[EXERCISE REQUIREMENTS] Images don't belong in the copy. Output the rest of the data exactly.

Collected data entries:
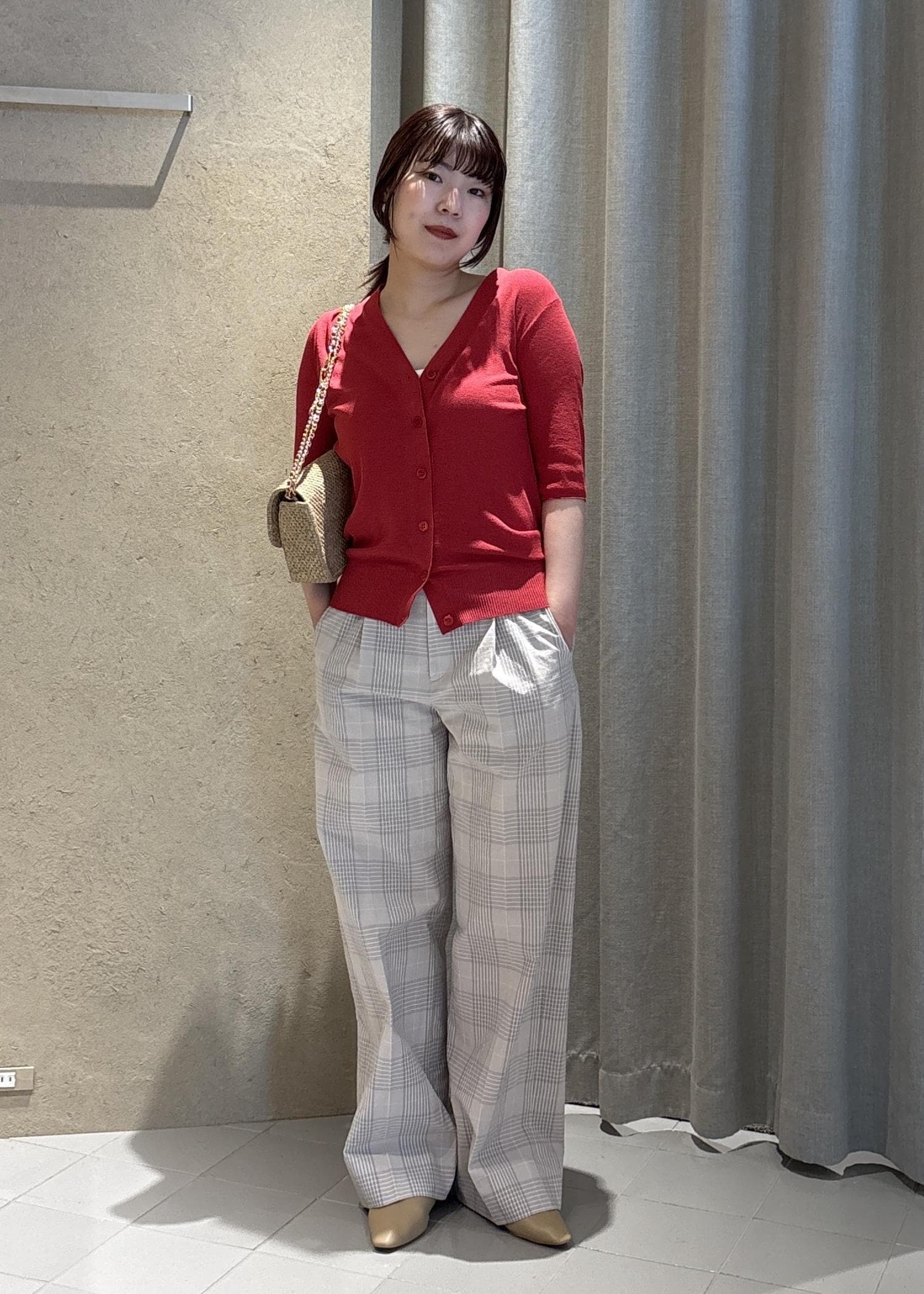 私はトップスに、大人でも着やすいピンクレッドをチョイスしました!
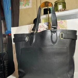 Elegant black leather shoulder bag. Features sturdy handles and sleek design. Ideal for daily essentials.
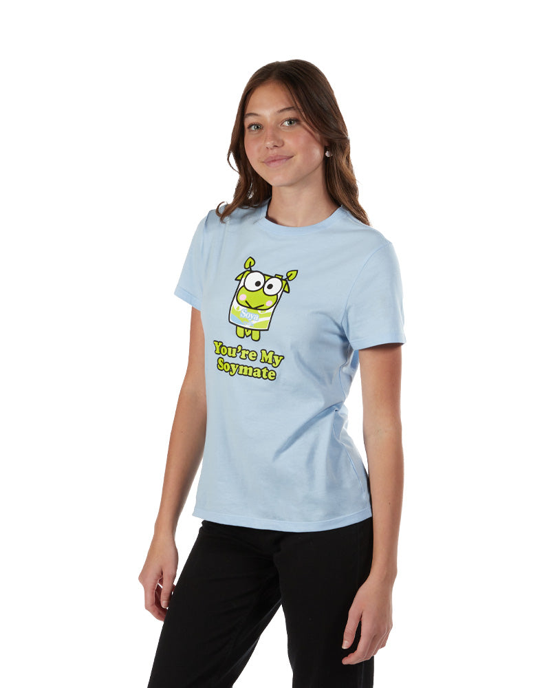 – Women’s screen print tee in light blue
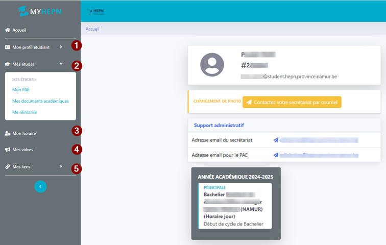 Une fois connecté, cliquez sur « Accès étudiant » pour accéder à votre espace MyHEPN, qui centralise toutes vos informations académiques et administratives.
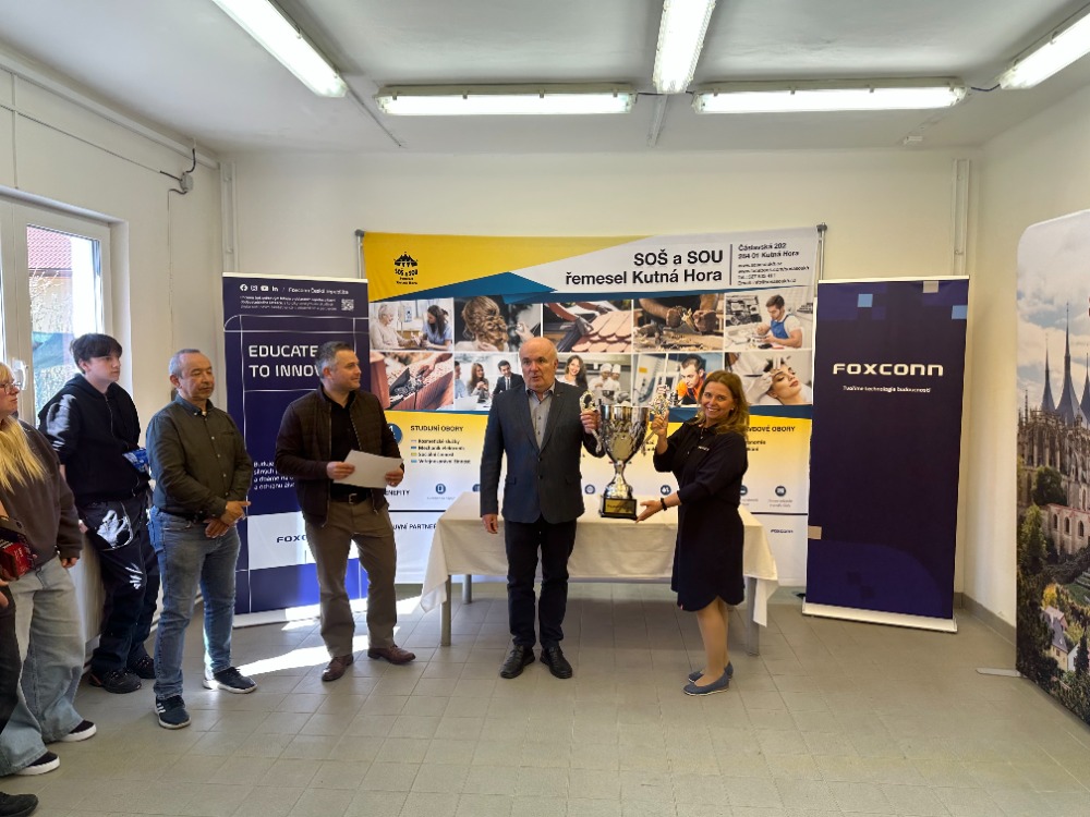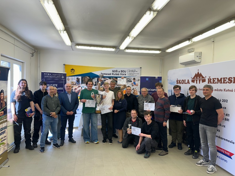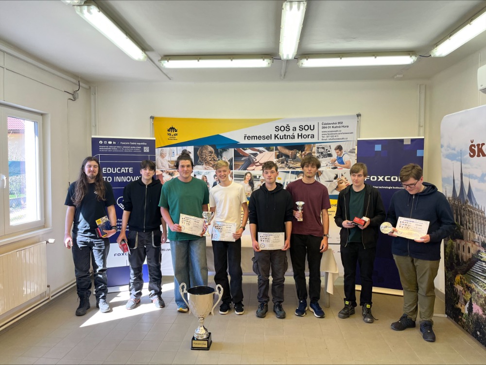 Ve dnech 8. 4. a 9. 4. 2026 se uskutečnil 7. ročník soutěže FOXCONN CUP 2026. SOŠ a SOU řemesel Kutná Hora ve spolupráci se společností Foxconn Technology CZ s.r.o. uspořádala soutěž pro žáky, kteří se aktivně věnují elektrotechnice. Během dvou dnů plnili úkoly, které jim připravili organizátoři soutěže. Museli prokázat nejen teoretické znalosti, ale zejména předvést své manuální dovednosti a zručnosti z oboru. Celkem soutěžily čtyři školy, které reprezentovalo družstvo složené vždy ze dvou soutěžících. Po sečtení bodů z obou soutěžních dnů se stanovila výsledková listina, kdy se vyhodnotilo nejprve umístění jednotlivců a následně i pořadí družstev. S velkým bodovým ziskem se stal vítězem student Jan Němec z VOŠ a SPŠ a JŠ Kutná Hora. Za naši školu soutěžili Jan Jelínek a Petr Skalický. Jan Jelínek se umístil v soutěži jednotlivců na krásném druhém místě. V celkovém součtu bodů se družstvo SOŠ a SOU řemesel Kutná Hora umístilo také na druhém místě.  Děkujeme za výbornou reprezentaci školy a gratulujeme!
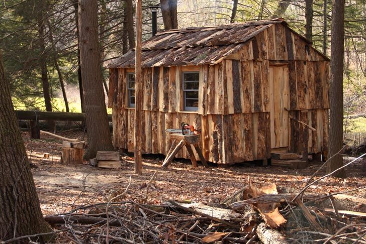 Dave Sinagugla a realizat un adapost mic, cochet si rustic, intr-o padure de pini din Hartford, Connecticut.
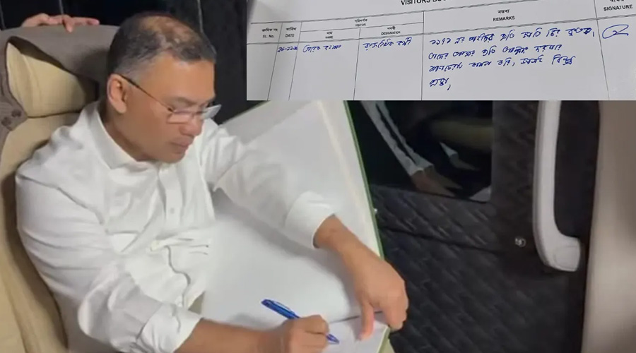 পরিদর্শন বইয়ে তারিখের জায়গায় বাংলায় ২৬-১২-২০২৫ তারিখ লেখেন। নামের স্থলে নিজের নাম তারেক রহমান লিখে পরিচয়ের স্থলে লেখেন, ‘রাজনৈতিক কর্মী’।

[EXERCISE SOLUTION]
 私はトップスに、大人でも着やすいピンクレッドをチョイスしました!
 Elegant black leather shoulder bag. Features sturdy handles and sleek design. Ideal for daily essentials.
 – Women’s screen print tee in light blue
 Une fois connecté, cliquez sur « Accès étudiant » pour accéder à votre espace MyHEPN, qui centralise toutes vos informations académiques et administratives.
 Ve dnech 8. 4. a 9. 4. 2026 se uskutečnil 7. ročník soutěže FOXCONN CUP 2026. SOŠ a SOU řemesel Kutná Hora ve spolupráci se společností Foxconn Technology CZ s.r.o. uspořádala soutěž pro žáky, kteří se aktivně věnují elektrotechnice. Během dvou dnů plnili úkoly, které jim připravili organizátoři soutěže. Museli prokázat nejen teoretické znalosti, ale zejména předvést své manuální dovednosti a zručnosti z oboru. Celkem soutěžily čtyři školy, které reprezentovalo družstvo složené vždy ze dvou soutěžících. Po sečtení bodů z obou soutěžních dnů se stanovila výsledková listina, kdy se vyhodnotilo nejprve umístění jednotlivců a následně i pořadí družstev. S velkým bodovým ziskem se stal vítězem student Jan Němec z VOŠ a SPŠ a JŠ Kutná Hora. Za naši školu soutěžili Jan Jelínek a Petr Skalický. Jan Jelínek se umístil v soutěži jednotlivců na krásném druhém místě. V celkovém součtu bodů se družstvo SOŠ a SOU řemesel Kutná Hora umístilo také na druhém místě.  Děkujeme za výbornou reprezentaci školy a gratulujeme!
 Dave Sinagugla a realizat un adapost mic, cochet si rustic, intr-o padure de pini din Hartford, Connecticut.
 পরিদর্শন বইয়ে তারিখের জায়গায় বাংলায় ২৬-১২-২০২৫ তারিখ লেখেন। নামের স্থলে নিজের নাম তারেক রহমান লিখে পরিচয়ের স্থলে লেখেন, ‘রাজনৈতিক কর্মী’।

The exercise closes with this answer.